I then came across Brent Ozar’s post on Indexing Temp Tables and found it extremely useful and thought I would share it here.
Most people don’t think about indexing temp tables when they are trying to optimise their queries. Which is a shame, because I see people sticking fairly large amount of data into temp tables. On the rare occurrence that I do see them indexed, it’s a nonclustered index on a column or two. The optimser promptly ignores this index while you select 10 columns and join 10,000 rows to another temp table with another ignored nonclustered index on it.
Now, not every temp table needs a clustered index. I don’t even have a rule of thumb here, because it depends on so many things, like
- Are you joining it to other tables?
- What does the execution plan look like?
- Is this even part of the stored procedure that needs tuning?
Assuming that all three things lead us to index temp tables, let’s create some and see how they react to different indexing strategies.
SELECT TOP 100000 * INTO #TempUsers FROM dbo.Users AS u; SELECT TOP 100000 p.* INTO #TempPosts FROM dbo.Posts AS p JOIN #TempUsers AS tu ON p.OwnerUserId = tu.Id; SELECT TOP 100000 c.* INTO #TempComments FROM dbo.Comments AS c JOIN #TempUsers AS tu ON c.UserId = tu.Id JOIN #TempPosts AS tp ON c.PostId = tp.Id; SELECT * FROM #TempUsers AS tu JOIN #TempPosts AS tp ON tu.Id = tp.OwnerUserId JOIN #TempComments AS tc ON tc.UserId = tu.Id AND tc.PostId = tp.Id;
We have three temp tables with 100k rows in them. I joined them a bit to make sure we get good correlation in the data.
If we get the plan for select statement, this is our query plan. A bunch of table scans and hash joins. SQL is lazy.
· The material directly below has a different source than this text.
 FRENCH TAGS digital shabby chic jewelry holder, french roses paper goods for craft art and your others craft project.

I don’t blame it one bit.
I’m so parallel…
After frequent user complaints and careful plan analysis, we decide to add some indexes. Let’s start with nonclustered indexes.
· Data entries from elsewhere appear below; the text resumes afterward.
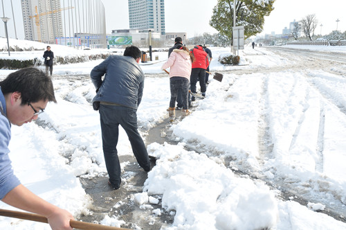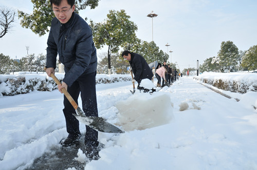 公司總部組織員工上路清掃積雪 時(shí)間:2013-02-19 4497 2月18日至19日凌晨,揚(yáng)州出現(xiàn)低溫降雪災(zāi)害天氣,降下了多年罕見的一場(chǎng)大雪,壓垮樹枝和部分房屋設(shè)施,并造成道路交通不便。19日清晨,公司響應(yīng)市政府號(hào)召,組織20余名員工上路清掃積雪,公司領(lǐng)導(dǎo)吳士茂、錢啟明親自參加,與大家共同會(huì)戰(zhàn)2個(gè)多小時(shí),完成了清掃任務(wù)。 厚重的積雪壓垮樹枝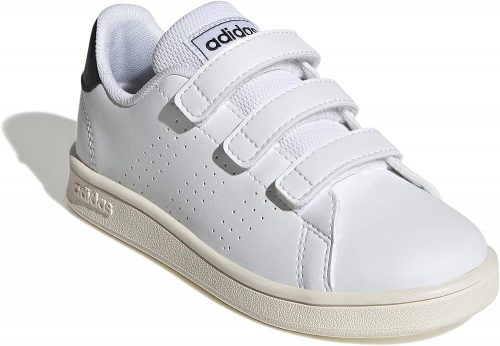 グランドコートシューズからインスピレーションを得た、クラシカルなデザインの子供用スニーカー。足をしっかりとホールドできる特徴を持つ、3本の面ファスナー付きストラップを備えています。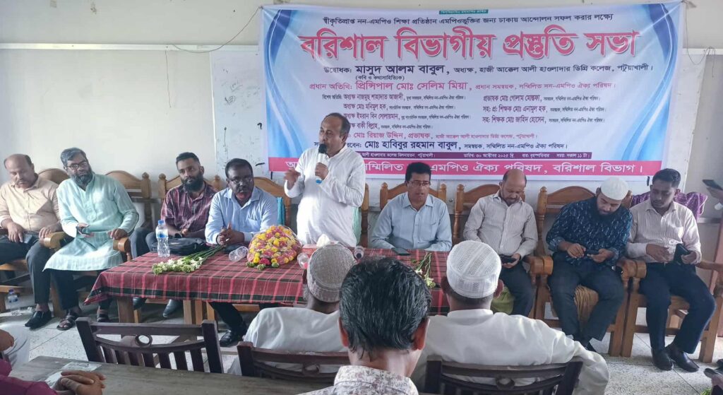 জালাল আহমেদ, প্রধান প্রতিবেদক: স্বীকৃতি প্রাপ্ত নন-এমপিও শিক্ষা প্রতিষ্ঠান এমপিওভুক্তির জন্য ২ নভেম্বর ঢাকায় আন্দোলন সফল করার লক্ষ্যে বরিশাল বিভাগীয় নন- এমপিও শিক্ষদের এক প্রস্তুতি সভা অনুষ্ঠিত হয়েছে।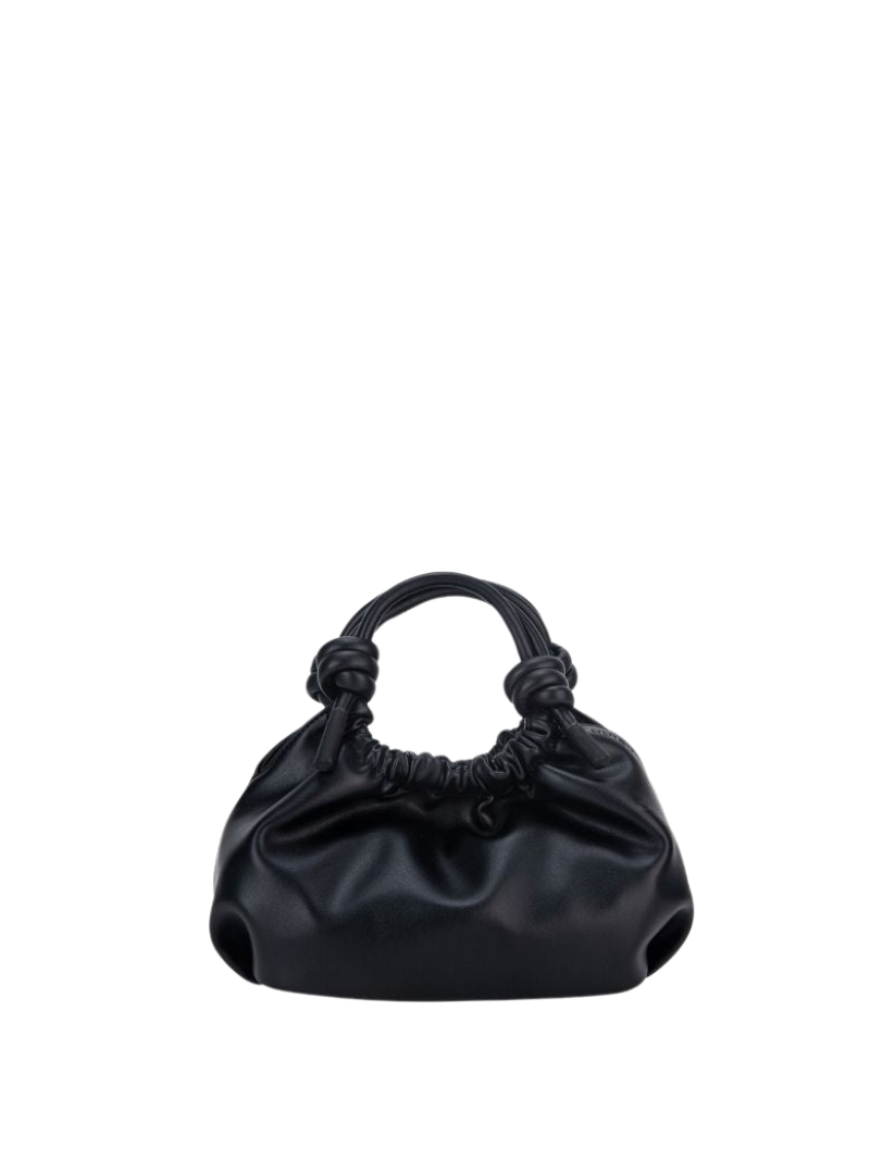 Small handbag made from partially recycled material in matte black.

/*Nonclustered*/ CREATE NONCLUSTERED INDEX ix_tempusers ON #TempUsers (Id); CREATE NONCLUSTERED INDEX ix_tempposts ON #TempPosts (Id, OwnerUserId); CREATE NONCLUSTERED INDEX ix_tempposts2 ON #TempPosts (OwnerUserId, Id); CREATE NONCLUSTERED INDEX ix_tempcomments ON #TempComments (UserId, PostId);
I’ve gone ahead and added two indexes to #TempPosts so the optimizer has a choice if joining in another order is more efficient.
How’d we do?
Not so hot…
Not quite there. Two table scans and an index seek followed by a key lookup that SQL estimates will execute 62k times.
Let’s try that again with clustered indexes. We can only give #TempPosts one, so I picked at random. In real life, you might want to do your job!
/*Clustered*/ CREATE CLUSTERED INDEX cx_tempposts ON #TempPosts (Id, OwnerUserId); CREATE CLUSTERED INDEX cx_tempusers ON #TempUsers (Id); CREATE CLUSTERED INDEX cx_tempcomments ON #TempComments (UserId, PostId);
Our indexes get used and everyone is happy. Well, sort of. TempDB isn’t happy, but then it never is. It’s like your liver, or Oscar the Grouch.
Used and abused
When starting to index temp tables, I usually start with a clustered index, and potentially add nonclustered indexes later if performance isn’t where I want it to be.
You can do yourself a lot of favors by only bringing columns into the temp table that you need. If it’s still a lot, there’s a much higher chance SQL will judge a table scan cheaper than using a narrow nonclustered index along with a lookup.
Remember to test this carefully. You want to make sure that adding the indexes doesn’t introduce more overhead than they alleviate, and that they actually make your query better.